En el nuevo orden mundial que está emergiendo, los minerales seguirán desempeñando un papel fundamental para el desarrollo de las naciones ricas, porque los nuevos avances tecnológicos están ligados a una mayor demanda de materias como el cobre, el litio y el níquel.
Según el diario mexicano El Economista: “Litio, cobre, níquel y otros insumos se convirtieron en la base del nuevo ciclo tecnológico por tres fuerzas que se retroalimentan: la electrificación (vehículos, redes, almacenamiento), la digitalización de la economía y el crecimiento acelerado de la inteligencia artificial”.
En Honduras las reservas minerales no explotadas son dominadas por metales preciosos y metales base: existen importantes recursos auríferos (proyectos con estimaciones recientes de recursos) y yacimientos de plata, zinc y plomo; además hay presencia significativa de antimonio, hierro, bauxita, manganeso y cromita, mientras que níquel y mercurio suelen aparecer en menor abundancia o apenas como trazas.

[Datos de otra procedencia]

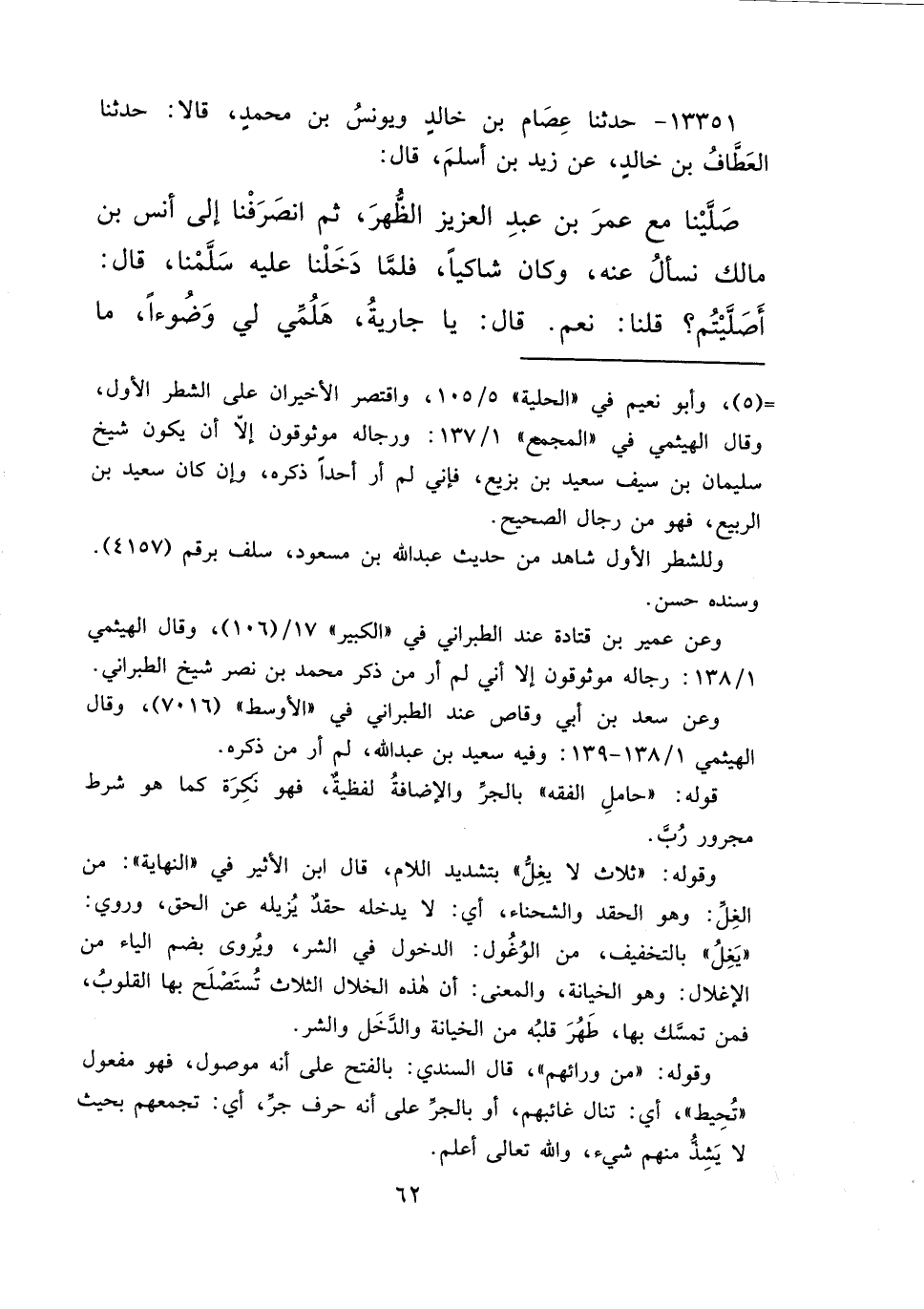 ١٣٣٥١ - حَدَّثَنَا عِصَامُ بْنُ خَالِدٍ، وَيُونُسُ بْنُ مُحَمَّدٍ، قَالَا: حَدَّثَنَا الْعَطَّافُ بْنُ خَالِدٍ، عَنْ زَيْدِ بْنِ أَسْلَمَ، قَالَ: صَلَّيْنَا مَعَ عُمَرَ بْنِ عَبْدِ الْعَزِيزِ الظُّهْرَ، ثُمَّ انْصَرَفْنَا إِلَى أَنَسِ بْنِ مَالِكٍ نَسْأَلُ عَنْهُ، وَكَانَ شَاكِيًا، فَلَمَّا دَخَلْنَا عَلَيْهِ سَلَّمْنَا قَالَ: " أَصَلَّيْتُمْ "؟ قُلْنَا: نَعَمْ، قَالَ: " يَا جَارِيَةُ هَلُمِّي لِي وَضُوءًا، مَا

Sin embargo, las cifras públicas sobre “reservas no explotadas” son fragmentarias y dependen de estudios técnicos (recursos vs. reservas) y de la viabilidad económica; asimismo, el marco regulatorio y las restricciones ambientales -incluyendo la suspensión de permisos para minería a cielo abierto en años recientes- limitan la transformación de esos recursos en producción.
Las mayores reservas de minerales no explotados corresponden al oro, la plata y el zinc, seguidos de una existencia moderada de plomo, antimonio y hierro, mientras que la dotación de cobre y níquel son muy bajas.
A su vez, tanto las tierras raras, como el litio y el cobalto, están prácticamente ausentes, o bien son no significativos, por lo que haría falta mayor investigación para tratar de ubicar los mismos.
Existen algunas técnicas para evitar la explotación de minerales a cielo abierto, mediante varias alternativas complementarias tales como la minería subterránea (técnicas como tajeo, corte y relleno o hundimiento por rodaje) que reducen la huella superficial y la deforestación; la lixiviación in situ o solución controlada es factible para ciertos minerales y evita grandes cortas aunque requiere estrictos controles ambientales; la reprocesación de relaves y escombros permite recuperar metales perdidos en pasadas explotaciones y disminuir pasivos ambientales; la valorización secundaria -reciclaje urbano y recuperación de metales de chatarra electrónica, baterías y residuos industriales- transforma fuentes ya extraídas en material útil; la concentración y el beneficiado local (producción de concentrados) y la industrialización a valor agregado (fundición, refinación, manufactura) generan empleo y reducen la presión por nueva extracción; y la formalización y tecnificación de la pequeña minería -con métodos sin mercurio, uso de gravedad y fundición segura- mejora rendimientos y reduce impactos sociales y ambientales.
Para que estas opciones funcionen se necesitan marcos regulatorios claros, exigencia de estudios de impacto y monitoreo, incentivos para invertir en tecnologías de menor impacto, programas de capacitación y financiamiento, y mecanismos de participación y consulta comunitaria; además, hay que evitar prácticas químicas peligrosas a pequeña escala (mercurio, cianuro) salvo en operaciones controladas y reguladas por especialistas.